#### GIVEN RECORDS ####
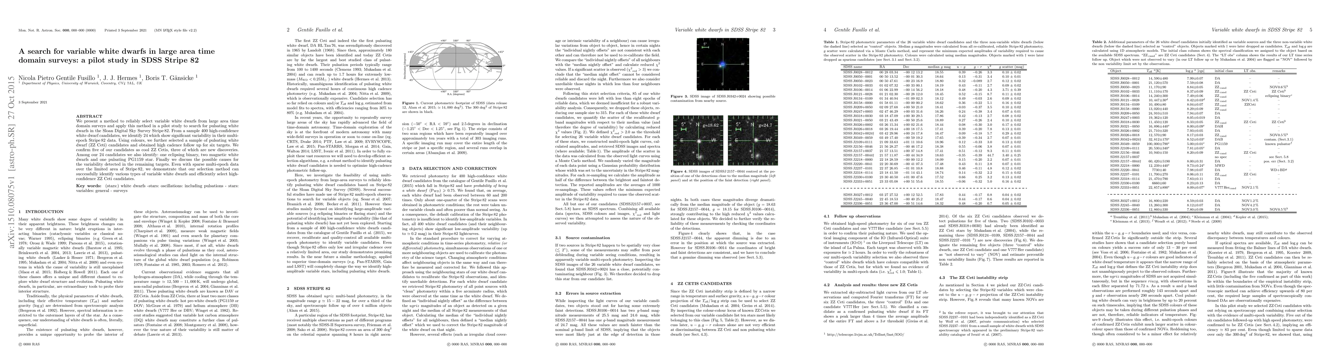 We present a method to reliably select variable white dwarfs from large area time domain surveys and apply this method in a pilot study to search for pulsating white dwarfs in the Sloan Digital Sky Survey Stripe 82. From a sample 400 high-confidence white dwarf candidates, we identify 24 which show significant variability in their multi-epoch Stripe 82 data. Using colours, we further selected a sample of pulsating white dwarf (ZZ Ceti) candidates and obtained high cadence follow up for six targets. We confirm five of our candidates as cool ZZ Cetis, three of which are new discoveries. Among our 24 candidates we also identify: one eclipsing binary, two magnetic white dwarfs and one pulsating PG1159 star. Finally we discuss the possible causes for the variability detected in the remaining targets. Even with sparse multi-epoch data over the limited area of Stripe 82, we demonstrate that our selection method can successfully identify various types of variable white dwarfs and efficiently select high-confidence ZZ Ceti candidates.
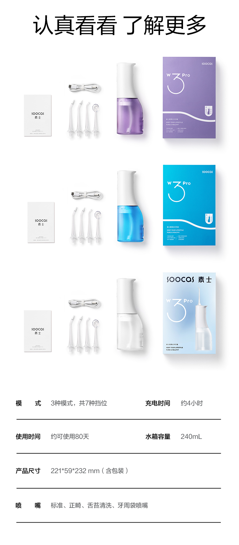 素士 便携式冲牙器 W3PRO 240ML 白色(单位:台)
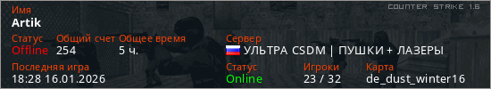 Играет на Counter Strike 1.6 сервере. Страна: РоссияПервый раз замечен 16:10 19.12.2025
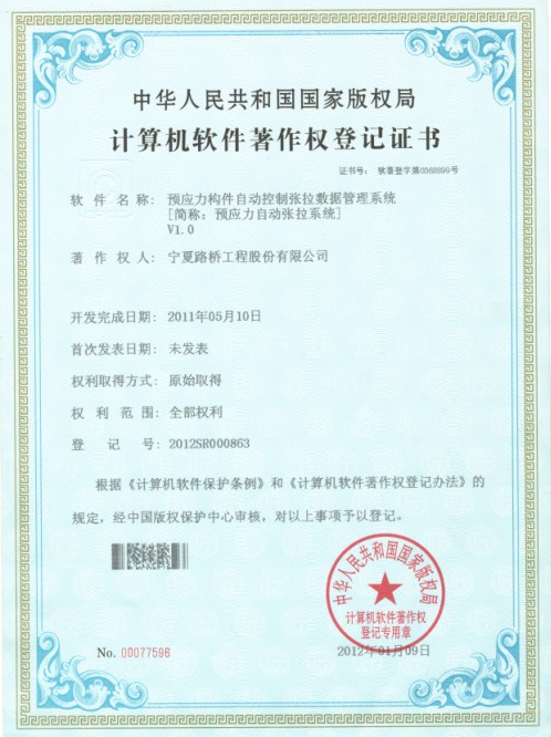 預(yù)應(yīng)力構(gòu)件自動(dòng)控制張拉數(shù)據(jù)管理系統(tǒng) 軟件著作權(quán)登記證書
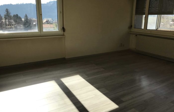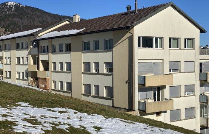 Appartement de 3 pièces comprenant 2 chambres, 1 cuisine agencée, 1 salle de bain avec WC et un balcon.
####
Transcribe the listing exactly; omit all images.

(SOLUTION TO THIS EXERCISE)
 We present a method to reliably select variable white dwarfs from large area time domain surveys and apply this method in a pilot study to search for pulsating white dwarfs in the Sloan Digital Sky Survey Stripe 82. From a sample 400 high-confidence white dwarf candidates, we identify 24 which show significant variability in their multi-epoch Stripe 82 data. Using colours, we further selected a sample of pulsating white dwarf (ZZ Ceti) candidates and obtained high cadence follow up for six targets. We confirm five of our candidates as cool ZZ Cetis, three of which are new discoveries. Among our 24 candidates we also identify: one eclipsing binary, two magnetic white dwarfs and one pulsating PG1159 star. Finally we discuss the possible causes for the variability detected in the remaining targets. Even with sparse multi-epoch data over the limited area of Stripe 82, we demonstrate that our selection method can successfully identify various types of variable white dwarfs and efficiently select high-confidence ZZ Ceti candidates.
 素士 便携式冲牙器 W3PRO 240ML 白色(单位:台)
 Играет на Counter Strike 1.6 сервере. Страна: РоссияПервый раз замечен 16:10 19.12.2025
 預(yù)應(yīng)力構(gòu)件自動(dòng)控制張拉數(shù)據(jù)管理系統(tǒng) 軟件著作權(quán)登記證書
 Appartement de 3 pièces comprenant 2 chambres, 1 cuisine agencée, 1 salle de bain avec WC et un balcon.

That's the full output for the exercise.